Next-gen Apple Watch could be high-tech top to bottom, even the strap
A patent application by Apple, published by the U.S. Patent and Trademark Office (USPTO) on Thursday, describes a wristband for a wearable device that may actually house some tech inside it. Outlining the specifics of a “Band attachment mechanism with haptic response”, this patent could mean that Apple is exploring the possibility of integrating some of the tech powering its Apple Watches, or a future wearable device, straight into its band.
The patent application proposes a design where a feedback haptic engine, as well as other hardware, is integrated into the wrist band and works in conjunction with the wearable itself. Thus the size of the device could be reduced, while the different positioning of hardware components could also lend itself to diversifying the user experience and feedback notification system of the wearable.

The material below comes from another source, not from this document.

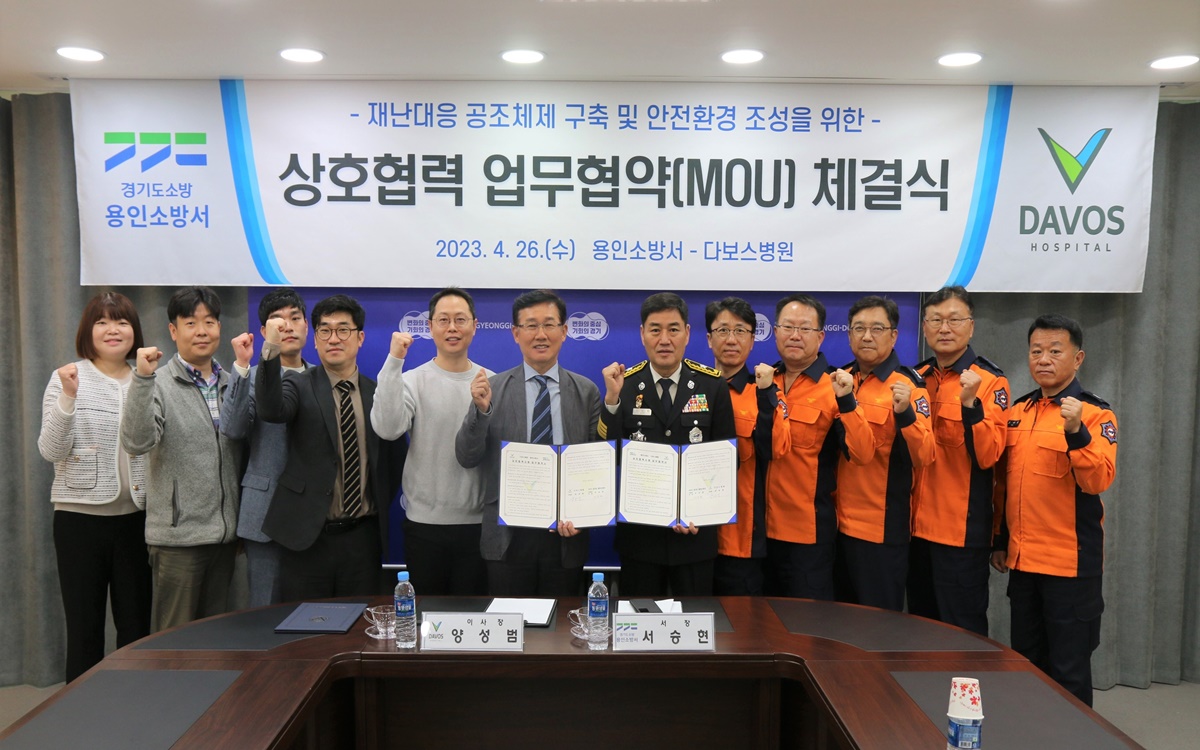 용인소방서(서장 서승현)는 26일 용인소방서에서, 영문의료재단 다보스병원과 용인특례시 안전 환경 조성 및 응급의료서비스 발전을 위한 업무협약(MOU)을 체결했다고 밝혔다.

One of the examples described in the documents envisions a band that can move side-to-side while the device itself remains centered on the users’ wrist. The band’s movement could be influenced further by an advanced haptic device built into its buckle, creating the illusion of pressure of varying degrees on the wearer’s wrist.
It is currently unclear whether Apple will incorporate this concept in next year’s Apple Watches, or ever for that matter, but we wouldn’t rule out the possibility of seeing something like the above-described watchband in the not-so-distant-future. All Apple Watches have a “hidden”, so to speak, data port under their strap connectors. The 6-pin port can be used for diagnostics and for connecting the Watches to demo display pedestals in Apple Stores, but is not intended for end users to temper with. However, the data port is capable of transferring data between the Apple Watch and another device, so it wouldn’t be out of the question that it could be used for communicating with a new type of smart wristband.
A next-gen watchband with integrated hardware could help slim down the profile of the device, as well as enrich the user experience, but it could also spell the end of cheaper third-party band replacements.